MiRNAs are a type of non-coding RNAs with 22–25 nucleotides in length and have been reported as key regulators of gene expression in cancers^30,31. For instance, miR-483-5p and miR-139-5p enhance adrenocortical cancer aggressiveness by regulating N-myc downstream-regulated genes³². Oncogenic miR-19a and miR-19b promote lung cancer cell proliferation and migration by regulating tumor suppressor MTUS1³³. Exosomal miR-423-5p acts as a new marker in gastric cancer and drove cancer growth and metastasis by targeting SUFU³⁴. Besides, miRNAs can be involved in the regulation of CRC development. Downregulation of miR-9 facilitated EMT in CRC cells through regulating ANO1³⁵. Upregulated miR-1258 directly targets E2F8 to regulate cell cycle and inhibit cell proliferation in CRC³⁶. MiR-182 facilitated cell proliferation and tumor growth in CRC by modulating DAB2IP³⁷. In our study, miR-4262 and miR-185-5p was found to be able to interact with circAGFG1 and YY1. These two miRNAs have been reported as tumor-suppressors in multifarious cancers. MiR-4262 targeted CD163 to inhibit cell proliferation and invasion in gastric cancer, and low miR-4262 level predicts poor prognosis³⁸. MiR-4262 contributed to cell apoptosis and inhibited proliferation of colon cancer cells via the involvement of GALNT4³⁹. Nevertheless, the role of miR-4262 has not been reported in CRC. MiR-185-5p inhibits cell migration and invasion of hepatocellular carcinoma via targeting ROCK2⁴⁰. LncRNA FOXD2-AS1 promotes CRC growth through sponging miR-185-5p⁴¹. Herein, mechanistic analysis revealed that circAGFG1 directly sponged miR-4262 and miR-185-5p to regulate YY1 expression. Eventually, rescue assays demonstrated that the effect of circAGFG1 silencing in CRC progression was observably restored by up-regulating YY1 or CTNNB1.

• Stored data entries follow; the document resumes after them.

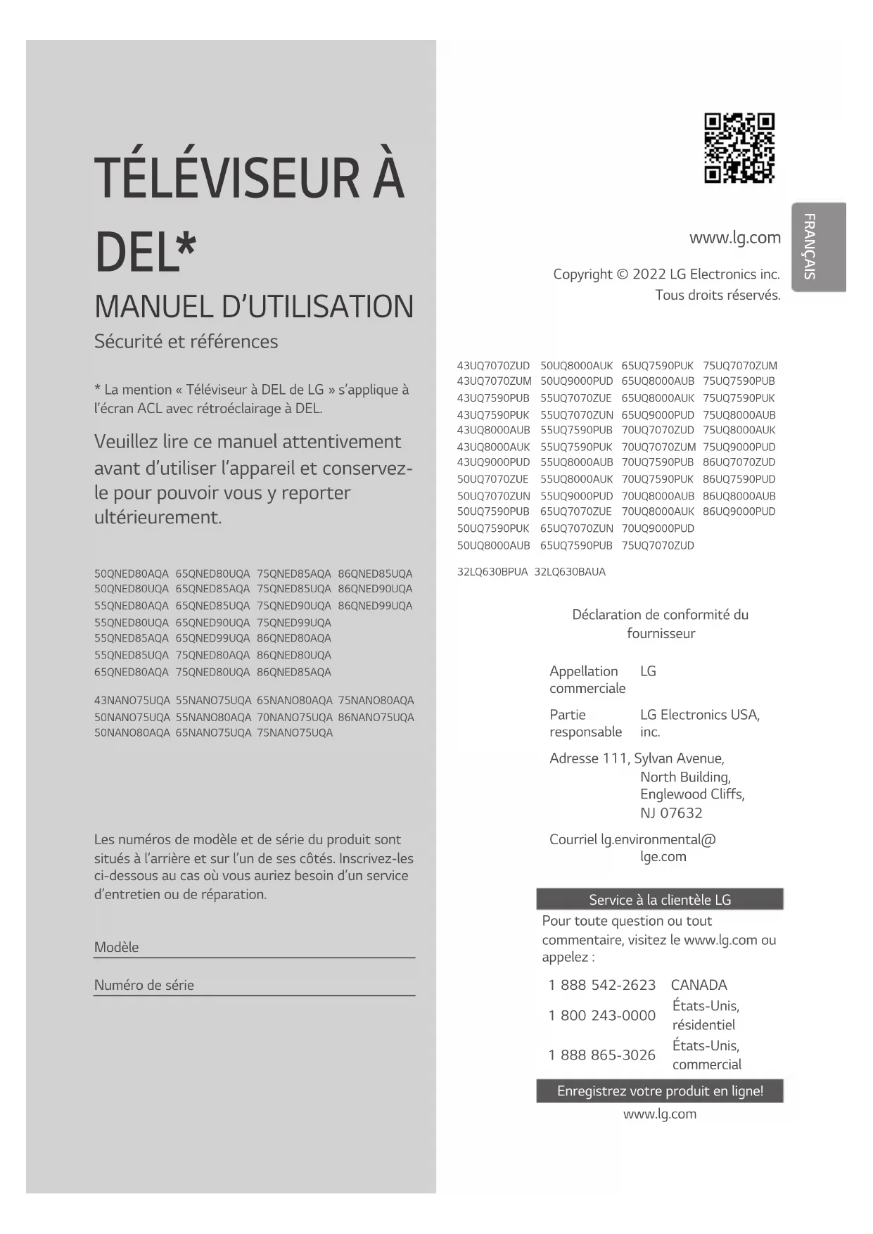 Partie responsable LG Electronics USA, inc. Adresse 111, Sylvan Avenue, North Building, Englewood Cliffs, NJ07632 Courriel lg.environmental@ lge.com Service à la clientèle LG Pour toute question ou tout commentaire, visitez le www.lg.com ou appelez : 1888542-2623 CANADA 1800243-0000 États-Unis, résidentiel 1888865-3026 États-Unis, commercial Enregistrez votre produit en ligne! www.lg.com2 Directives de sécurité importantes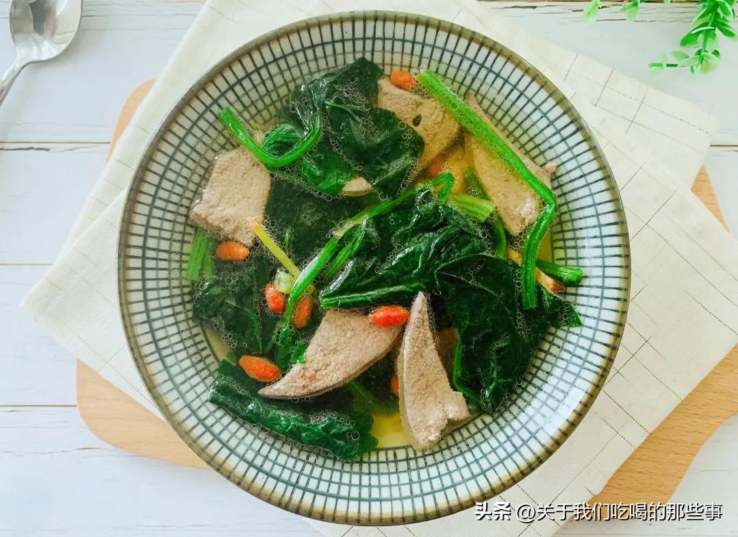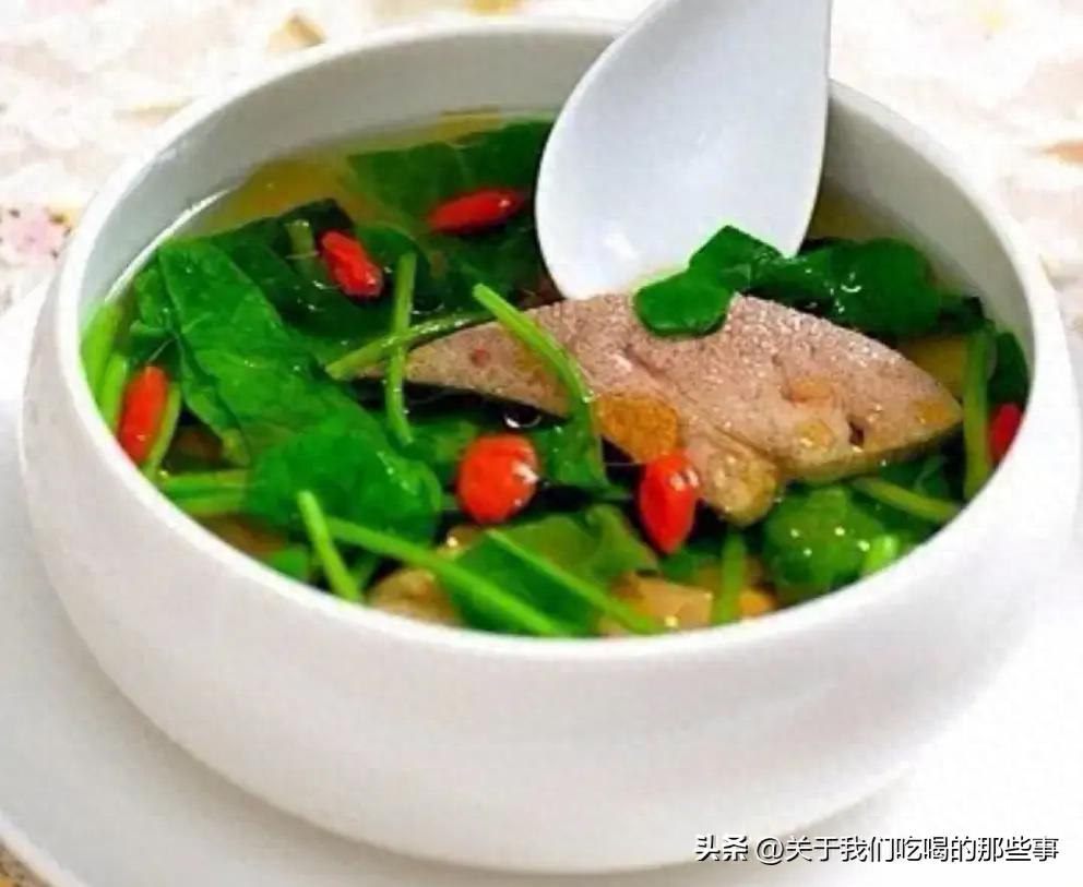 4、將豬肝放進鍋內,煮一分鐘,再放入菠菜、枸杞,繼續煮一分鐘。最後加鹽調味,就可以關火了。老少皆宜的一道美味,記得經常做呀。
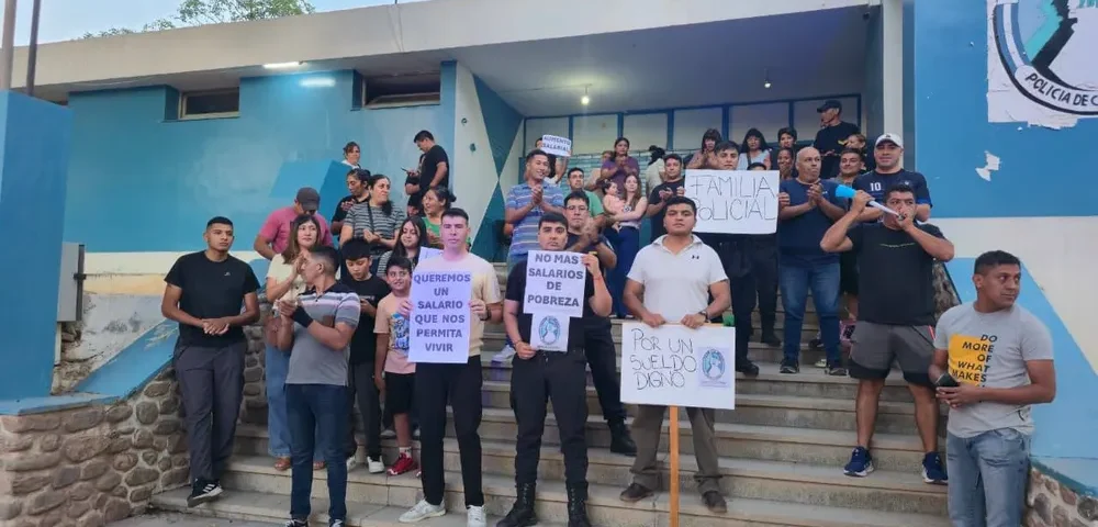 El reclamo también se replica en el interior provincial. En Andalgalá, efectivos de la Unidad Regional N°4 se manifiestan frente al edificio policial bajo consignas como “No más salarios de pobreza” y “Queremos un salario digno”. Situaciones similares se registran en Tinogasta y en la ciudad de Recreo, donde personal en actividad, retirados y familiares expresan su apoyo al pedido de actualización salarial.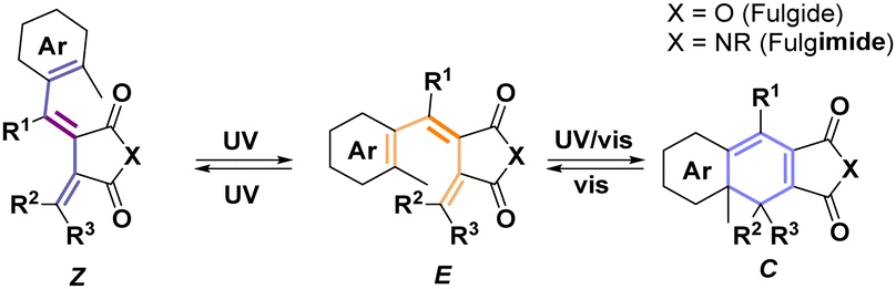 Fulgide photoswitches exist in three isomeric forms – two open isomers (historically denoted E and Z) and a closed isomer (C) (Scheme 1). Because of its geometry, Z cannot undergo photoinduced ring closing and is, therefore, denoted as an inactive form. Upon double bond isomerization in inactive form Z, the resulting active form E readily undergoes photoinduced electrocyclization, affording the closed form C of the fulgimide. Photoinduced isomerization between active and closed forms is accompanied by a distinctive color change.6,10 As such, photoswitching between E and C has been historically regarded as the key mode of action and double bond isomerization as an unwanted side reaction. But double bond isomerization, accompanied by a large structural change, may act as a lock, blocking photocyclization between E and C. By controlling these processes – initial Z to E double bond isomerization (activation), closing and opening between E and C and double bond isomerization back to Z (deactivation) – we can selectively control switching between all three fulgimide isomers (Scheme 3).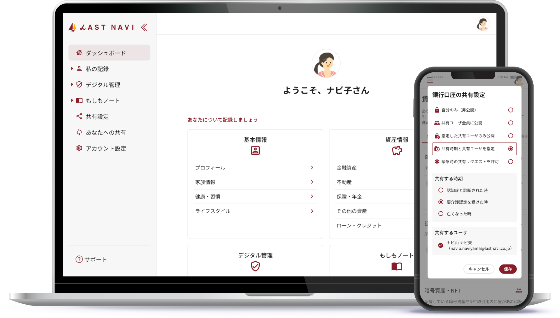 あなたの基本情報や資産、デジタルアカウントなどを一元管理できるノート機能です。デジタルだから、スマホやPCからいつでも、何度でも更新可能。終活の第一歩を、もっと気軽に始められます。

In brief, our study is the first to research circAGFG1/miR-4262 or miR-185-5p/YY1/CTNNB1 axis in CRC. Our results revealed that circAGFG1 up-regulated YY1 to activate CTNNB1 transcription and thereby accelerated metastasis and stemness in CRC by sponging miR-4262 and miR-185-5p. These findings provided a novel insight into the exploration on therapeutic targets in CRC.